A week ago, my podiatrist and I were discussing the ban. At the time, I agreed with him that if anything should be changed it shpuld be all the OTC combination drugs with acetaminophen not the prescribed that ahould have more patient/provider/pharmacist contact and education than the OTC. That was the day before I changed my mind. As a Parish Nurse while visiting an elderly parishioner the day after he was discharged from the ER because he fell , I asked what medications he was taking. Among others was 600mg acetaminophen for arthritis. He showed me his ER discharge papers. They had given him Percocet for pain. For the previous 24 hours, he took 6 Percocet and 4 600mg acetaminophen. He did not know Percocet had acetamoinophen but he knew the risks. Labels were not read, discharge papers were not thoroughly reviewed. Did no one review what meds he was on before they sent him home? I now am FOR removing Rx and OTC combination pain and other combination meds with acetaminophen.
I would first like to see more public education and labeling of pain medications containing acetominophen of the risk of liver damage if not taken as directed or if additional tylenol/acetominophen is taken with the drug. Too many patients adjust their own dose or self medicate, one recent example was a patient I had taking 7-8 extra strength tylenol at a time!

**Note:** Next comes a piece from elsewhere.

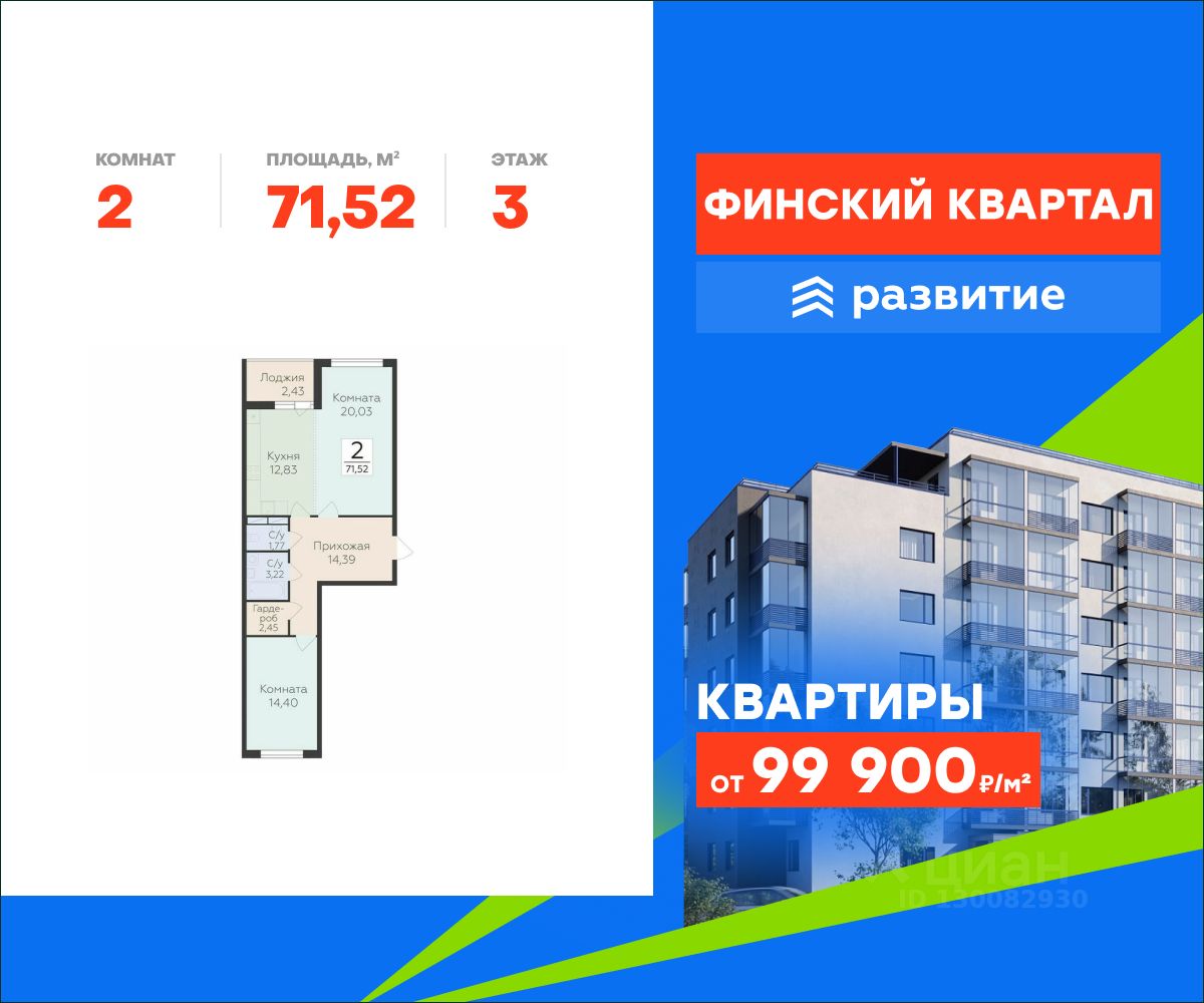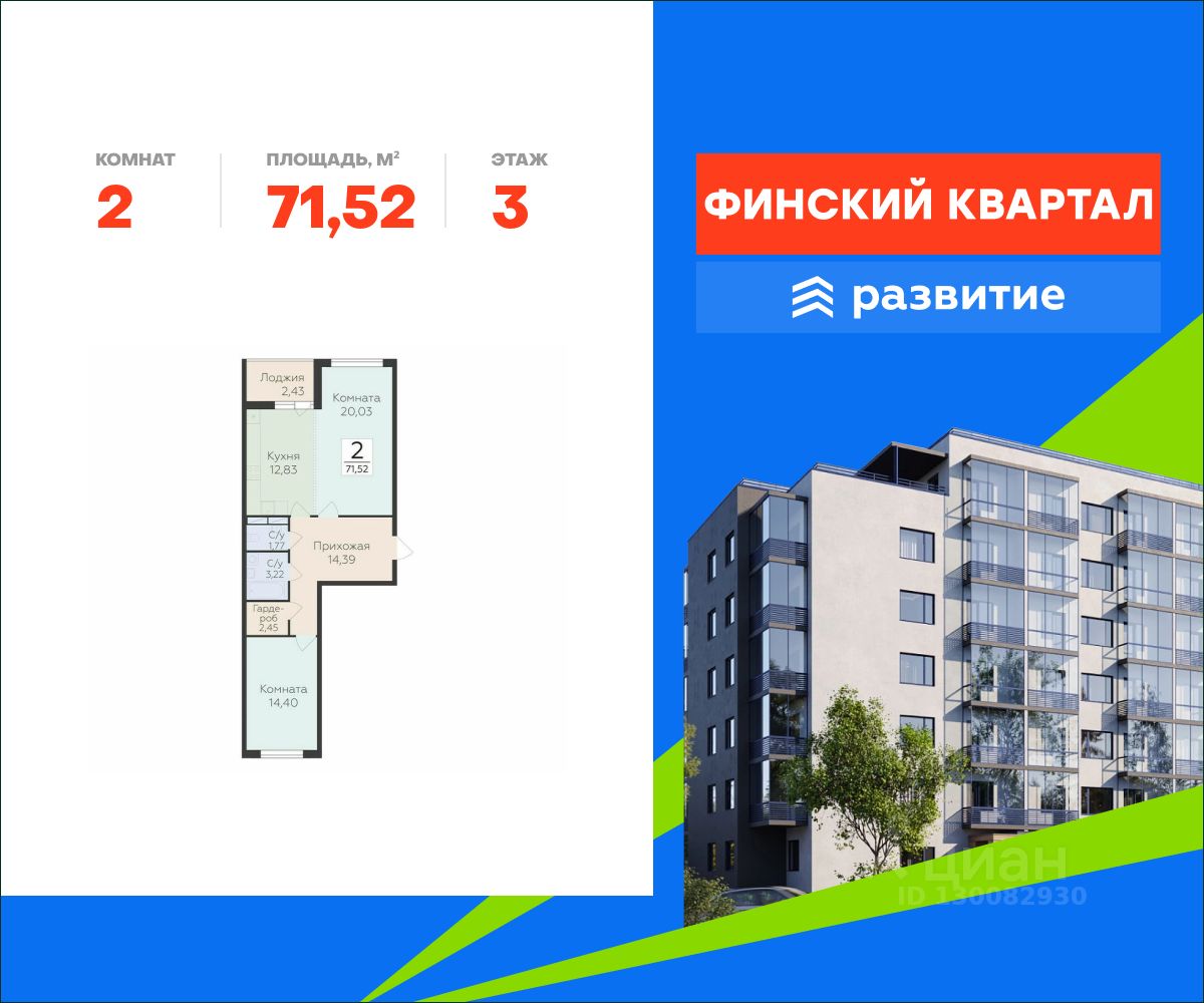 Продается квартира площадью 71.52 кв. м без отделки. Квартира расположена на 3 этаже 8 этажного дома, в жилом комплексе комфорт-класса "Финский Квартал".

The components of the FDA’s opioid REMS have not been determined. Patient registries and special prescriber certification are only 2 of many possibilities, some more and some less restrictive.
Perhaps we should evaluate why adding acetaminophen bumps drugs from Schedule II to schedule III in the first place. Is it less addictive to take Percocet than Roxicodone? If suddenly the combos become unavailable and pain relief is that much harder to come by, every Tom, Dick, and Harry with a sprain is going to flock to the ER for the good stuff… not once, but daily until the pain is gone or they are refused treatment. If you can’t go to just any doc to get narcotic pain relievers, the pain relief specialists will have lines out the door also.
maybe they should just have oxycodone/acetaminophen in doses that are no more than 325mg acetaminophen. i read that there’s no evidence that extra-strength works any better than regular.